The manager of the Shelburne operation, Jeff Nickerson was accompanied by Cooke Aquacultures VP of Public Relations Nell Halse, who spoke to councilors about the history of the family company.
Halse said the company was willing to work with residents in efforts to minimize any effects its operations have in the area. “We are willing to work with people and while we are applying for changes this is the perfect time to talk,” said Halse.
Nickerson noted that fallowing is a crucial part of raising fish and helps keep the harbour bottom clean.
The company has a total of 70 cages in Shelburne Harbour and is proposing dropping that number to 58 as it fallows some sites and moves other cages.

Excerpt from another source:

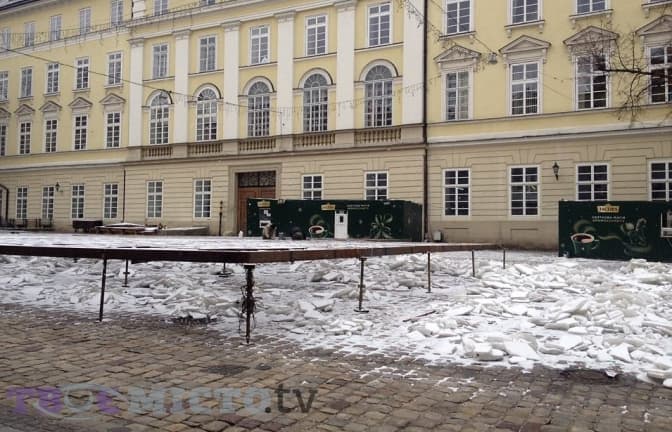 Сьогодні в центрі міста демонтували ковзанку, традиційно розташовану біля будівлі Львівської міської ради, повідомляє кореспондент Tvoevisto.tv.
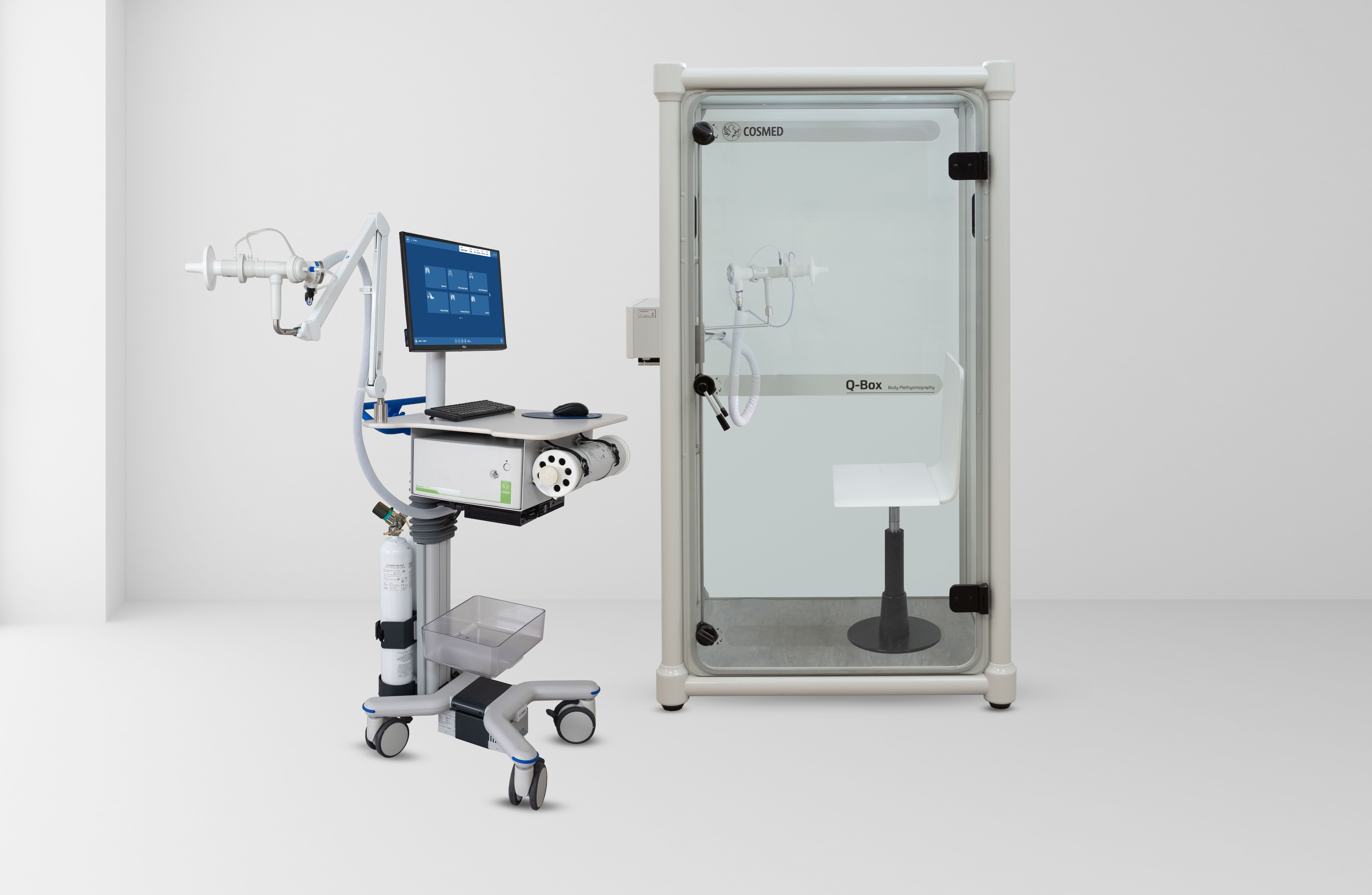 Die Q-Box ist die stand-alone Body-Box für die Goldstandardmessung von statischem Lungenvolumen und Atemwegswiderstand und -leitfähigkeit durch die Bodyplethysmographie-Technik.

Councilor Roger Taylor asked if the company had any interest in developing a fish processing plant to service its growing Nova Scotia sites. “To justify that we’d need to be raising 3-million fish,” he said. “Right now we’re a way aways from that.”
According to the company’s website, the business began as a small family enterprise and now has operations in New Brunswick, Prince Edward Island, Nova Scotia, Newfoundland, Maine and Chile as well as sales offices in major centers in the United States and Canada.
Through its subsidiaries, Cooke Aquaculture processes and sells more than 115 million pounds of Atlantic salmon and 35 million pounds of trout each year.